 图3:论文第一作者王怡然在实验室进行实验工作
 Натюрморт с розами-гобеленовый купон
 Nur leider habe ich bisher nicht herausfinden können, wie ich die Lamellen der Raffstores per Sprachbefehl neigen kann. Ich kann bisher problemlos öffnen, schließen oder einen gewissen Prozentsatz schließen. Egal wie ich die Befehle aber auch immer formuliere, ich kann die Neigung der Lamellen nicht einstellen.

☆ ☆ ☆ ☆ ☆ ☆ ☆

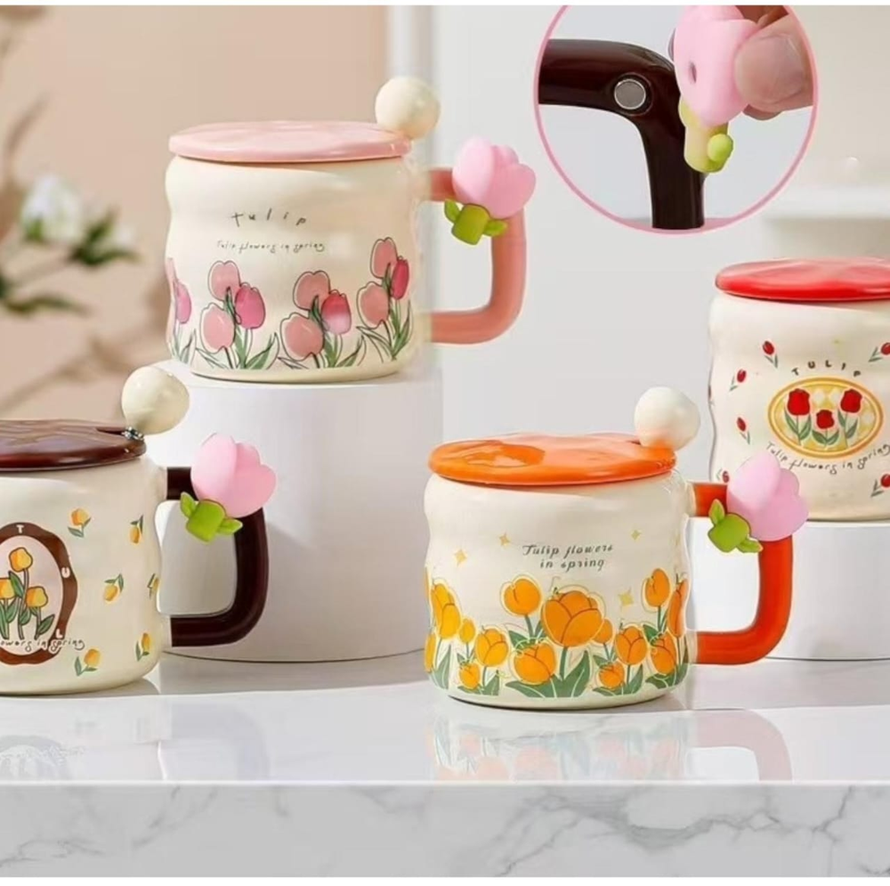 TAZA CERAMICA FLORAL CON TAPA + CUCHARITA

☆ ☆ ☆ ☆ ☆ ☆ ☆

Your instructions -
For this task, write out exactly the lines of the entries above, starting at the line with "图3:论文第一作者王怡然在实验室进行实验工作" and ending at the line with "Nur leider habe", both included, and no others.

Completed task -
 图3:论文第一作者王怡然在实验室进行实验工作
 Натюрморт с розами-гобеленовый купон
 Nur leider habe ich bisher nicht herausfinden können, wie ich die Lamellen der Raffstores per Sprachbefehl neigen kann. Ich kann bisher problemlos öffnen, schließen oder einen gewissen Prozentsatz schließen. Egal wie ich die Befehle aber auch immer formuliere, ich kann die Neigung der Lamellen nicht einstellen.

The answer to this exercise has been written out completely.